# Envelope



## johnsonjack87 (Jan 11, 2017)

This Is Actually A Question About An Envelope.

If I Am Sending A Letter & I Make A Mistake On The Envelope That I Then Scribble Over With A Pen & Then Put White Out Over & Some Of The White Out Comes Off,Then What Happens To The Letter?


----------



## Manonthestreet (Jan 11, 2017)

It gets ripped to shreds by the sorting machines


----------



## johnsonjack87 (Jan 11, 2017)

Manonthestreet said:


> It gets ripped to shreds by the sorting machines


What Do You Mean?


----------



## johnsonjack87 (Jan 11, 2017)

johnsonjack87 said:


> Manonthestreet said:
> 
> 
> > It gets ripped to shreds by the sorting machines
> ...


Would They Let Both The Envelope & The Letter Go Through?


----------



## johnsonjack87 (Jan 11, 2017)

This Is Actually A Question About An Envelope.

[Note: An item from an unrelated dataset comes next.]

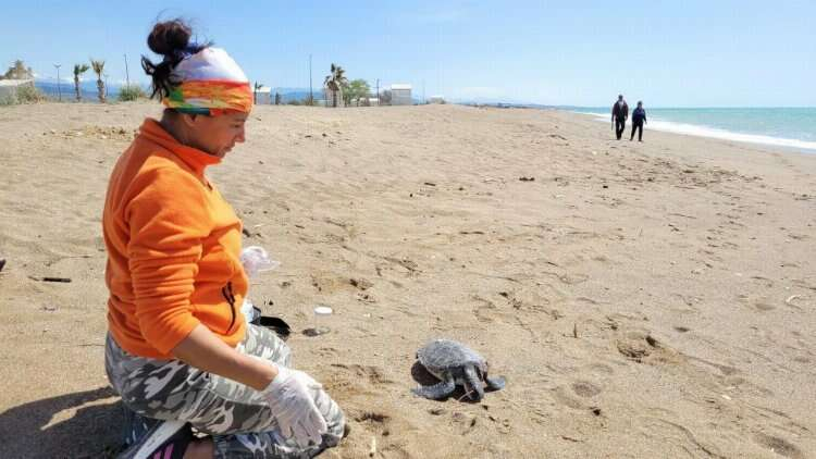 Manavgat'ta tehlike altında olan yeşil deniz kaplumbağası bulundu

If I Am Sending A Letter & I Make A Mistake On The Envelope That I Then Scribble Over With A Pen & Then Put White Out Over & Some Of The White Out Comes Off,Then What Happens To The Letter?


----------



## Muhammed (Jan 11, 2017)

If it's not readable it will be returned.


----------



## OldLady (Jan 11, 2017)

johnsonjack87 said:


> This Is Actually A Question About An Envelope.
> 
> If I Send A Letter & I Make A Mistake That I Scribble Over With A Pen & Then Put White Out Over & Some Of The White Out Comes Off,Then What Happens To The Letter?

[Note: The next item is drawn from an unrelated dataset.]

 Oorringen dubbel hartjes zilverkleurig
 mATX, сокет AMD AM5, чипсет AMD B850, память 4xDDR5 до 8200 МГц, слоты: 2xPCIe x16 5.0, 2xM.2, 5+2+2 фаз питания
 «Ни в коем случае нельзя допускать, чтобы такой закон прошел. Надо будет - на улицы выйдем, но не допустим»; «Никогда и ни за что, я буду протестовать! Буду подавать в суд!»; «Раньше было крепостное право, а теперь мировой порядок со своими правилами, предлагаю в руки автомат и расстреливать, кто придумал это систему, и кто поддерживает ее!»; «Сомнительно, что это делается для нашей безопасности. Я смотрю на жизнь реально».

I think you should buy some more envelopes.


----------



## Moonglow (Jan 11, 2017)

He's worried his Publisher's Clearing House sweepstakes entry won't make it...


----------



## johnsonjack87 (Jan 11, 2017)

Muhammed said:


> If it's not readable it will be returned.


I Make Everything Readable.


----------



## miketx (Jan 11, 2017)

johnsonjack87 said:


> This Is Actually A Question About An Envelope.
> 
> If I Send A Letter & I Make A Mistake That I Scribble Over With A Pen & Then Put White Out Over & Some Of The White Out Comes Off,Then What Happens To The Letter?


Trump will send you to prison where you belong!


----------



## johnsonjack87 (Jan 11, 2017)

johnsonjack87 said:


> Muhammed said:
> 
> 
> > If it's not readable it will be returned.
> ...


Would The Letter Go Out If The Envelope Is Readable?


----------



## johnsonjack87 (Jan 11, 2017)

If I Am Sending A Letter & I Make A Mistake On The Envelope That I Then Scribble Over With A Pen & Then Put White Out Over & Some Of The White Out Comes Off,Then What Happens To The Letter?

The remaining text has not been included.